Avoid 4 common pitfalls when determining equipment value
Recently published by Credit Union National Association
Lenders faced with the challenge of valuing agriculture and outdoor power equipment should be aware of four common pitfalls.
Perils of historical depreciation
When determining what the value of equipment will be at some point in the future, it can be tempting to use past performance, as reflected in historical depreciation rates, as the benchmark for expected future value. However, that method does not account for market occurrences driving the value at that time, such as commodity prices, the demand for used equipment, and other market factors.
Using historical depreciation from a similar model for a 2011 CIH Magnum 215 tractor (Figure 1) results in a valuation that is off by about $34,000, or 34%.
Figure 1
Decisions based on averages
Another common approach used when valuing agriculture and outdoor power equipment is to rely on averages. While the use of an average value can appear to deliver a quick estimate, averages can distort the actual valuation because of outliers, sparse data points, and wide variation in data.
Figure 2
In the retail sale example, the average cannot capture the tremendous variation in prices or options. This model has at least 35 options, with a possible combination of 34,359,738,367 different equipment configurations. The number of configurations explains in part the variation in sales prices seen above.

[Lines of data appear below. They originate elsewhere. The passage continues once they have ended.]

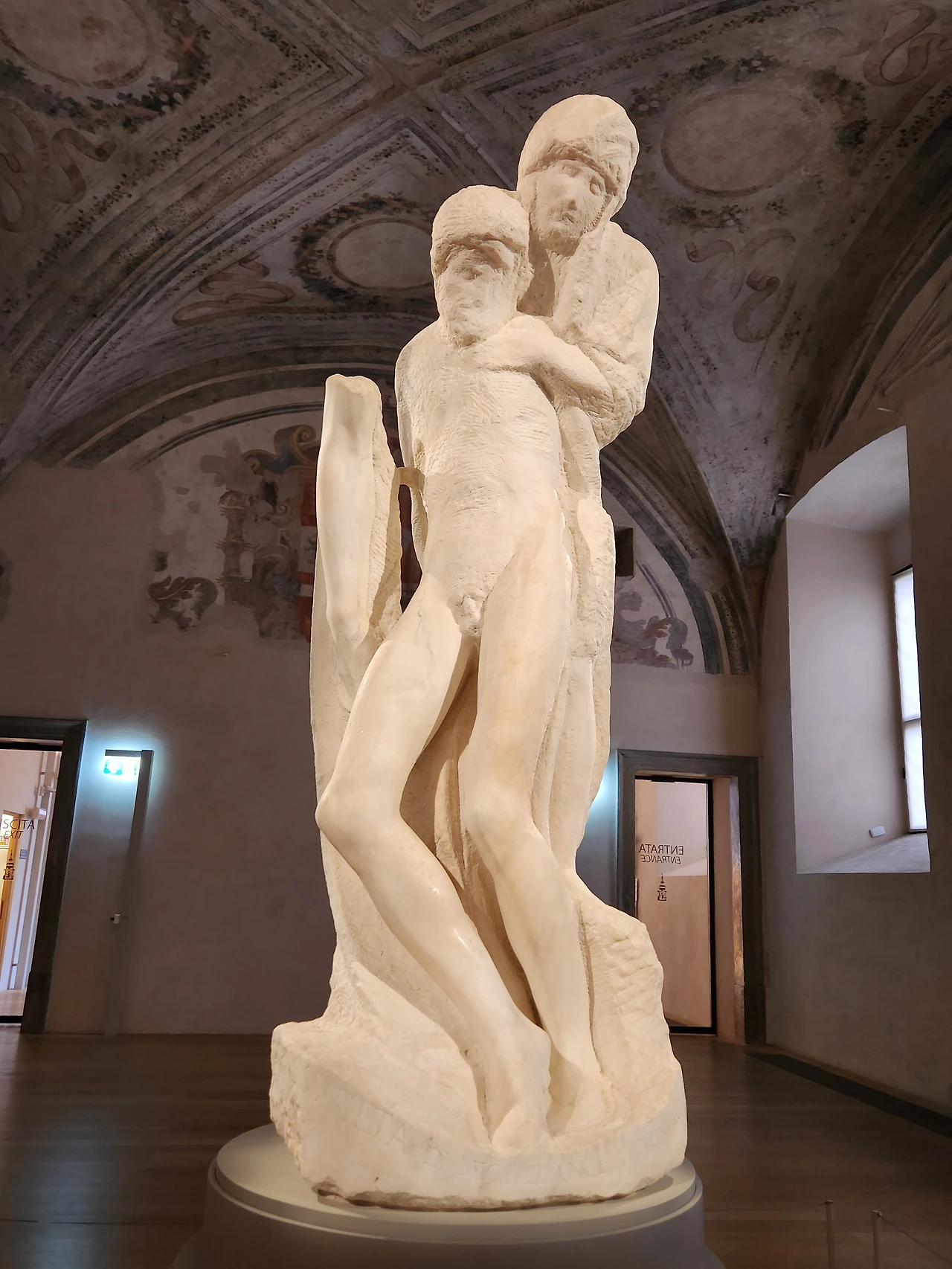 로마의 피에타는 미켈란젤로가 20대 때 제작한 것이고 이 피에타는 미켈란젤로의 80대, 죽기 6일전까지도 작업하다 끝을 보지 못한 작품이다.
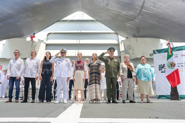 En tanto que el secretario de Marina enfatizó que la transformación del México actual, colocar a la mar como un eje estratégico de desarrollo nacional, fuente de prosperidad compartida y pilar de la defensa de la soberanía y seguridad. Por ello, refrendó el honor, deber, lealtad y patriotismo que guía a las y los marinos mexicanos.
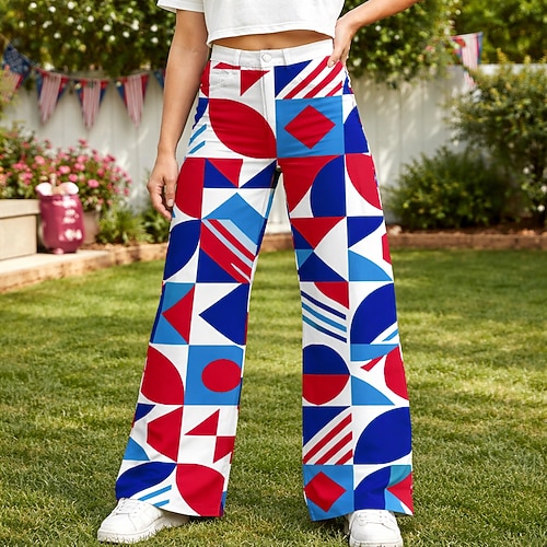 Americano 250 Retrò Vintage Anni '70 Pantaloni Pantaloni a gamba larga Hippie Disco Vita alta Costume Per donna Mascherata 4 Luglio Giorno dell'Indipendenza Semiquincentenario Adulti Pantaloni
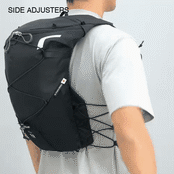 サイドアジャスターには6点式のバンジーコードを採用し、吸い付くようなホールド感と通気性を実現。ウエストにあるドローコードは片手で引けるので、ランニング中でも簡単に調整できます。
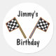 Fun Geburtstagsfeier Aufkleber oder Umschlag Aufkleber in Weiß mit schwarzem, individuellem Text gemacht. Die Grafik zweier gekreuzter Fahnen schmückt die Mitte. Personalisieren Sie den Text für den besonderen Tag Ihres Sohnes. Großartig mit unseren kleinen Jungs Race Auto Birthday Einladungen.
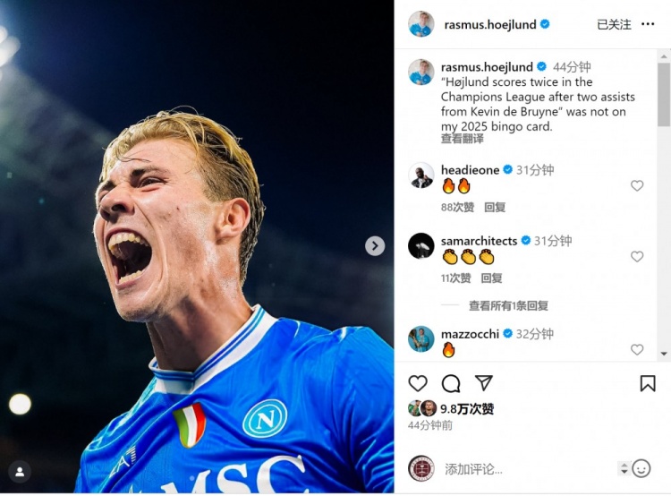 10月2日訊 歐冠聯賽階段第二輪比賽,霍伊倫梅開二度,那不勒斯主場2-1擊敗葡萄牙體育。霍伊倫社媒曬出慶祝進球的照片,并...
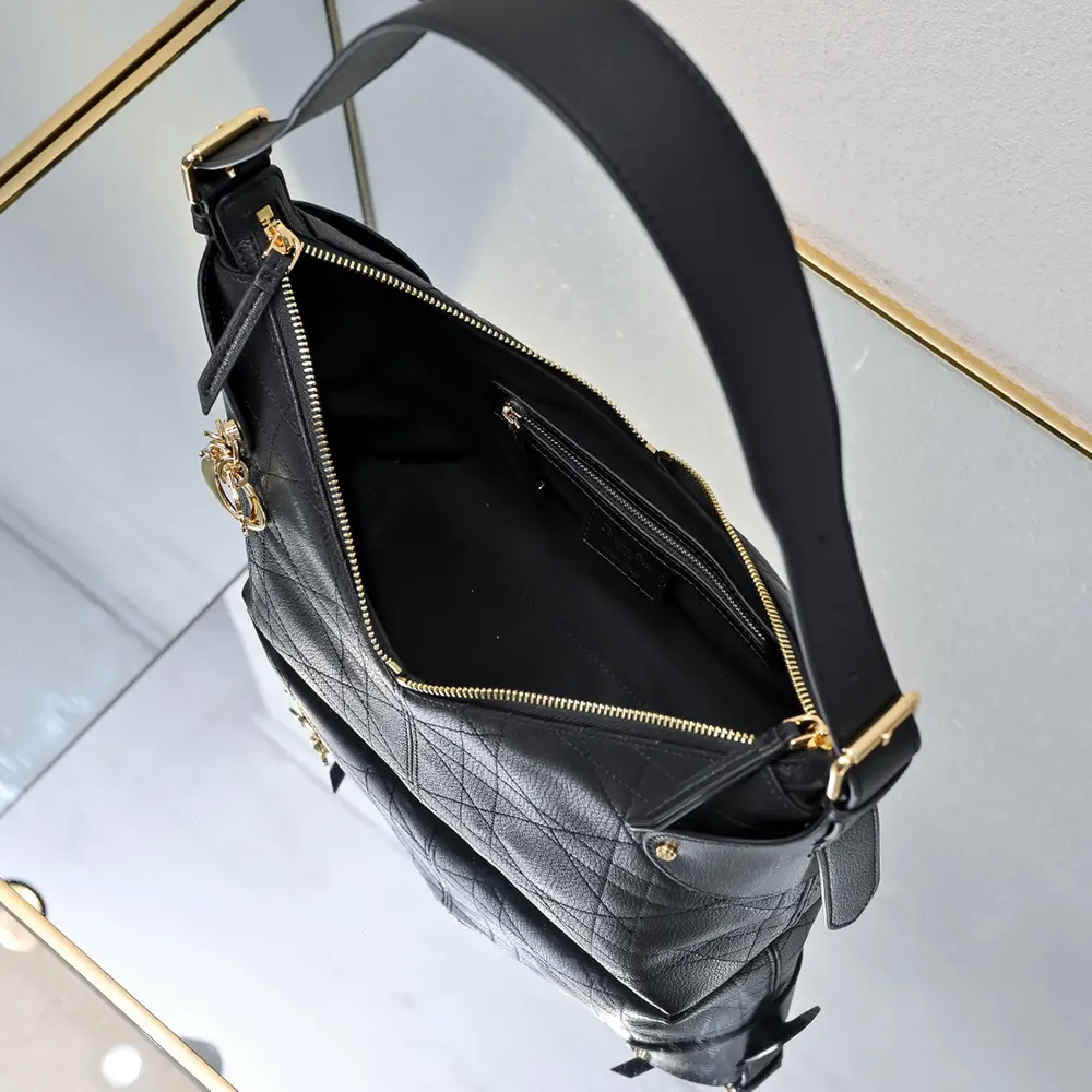 - The supple construction is enhanced by gold-finish metal D.I.O.R. charms and finely crafted leather accents for added structure,

How can a lender avoid a costly mistake in underestimating or overestimating a tractor like this? A tool like IronGuides allows adjustment and valuation for hours, options, and regions.
Are auction results a good source for equipment valuations?
Basing valuation on only advertised pricing and auction results is not indicative of what the equipment is worth. Auction results alone give an unreliable estimate of value since the auction environment can be erratic and accurate option details can be difficult to obtain. This, combined with subjective condition evaluations, can make accurate comparisons difficult.
Figure 3
When comparing the retail versus auction results of selected Case and John Deere combine models (Figure 3), the sales prices from dealer retail transactions are significantly higher for both models, with the average dealer retail price for the Case combine 27% higher than auction. The Deere combine’s average dealer retail price was 25% over the average auction value. Overall, for all combines sold in 2016 in the database, the auction results showed much more variance, ranging from $125,000 to $359,000 on only 64 sales. Meanwhile, dealer retail transactions, on a much larger volume of 607 transactions, varied between $155,000 and $295,000.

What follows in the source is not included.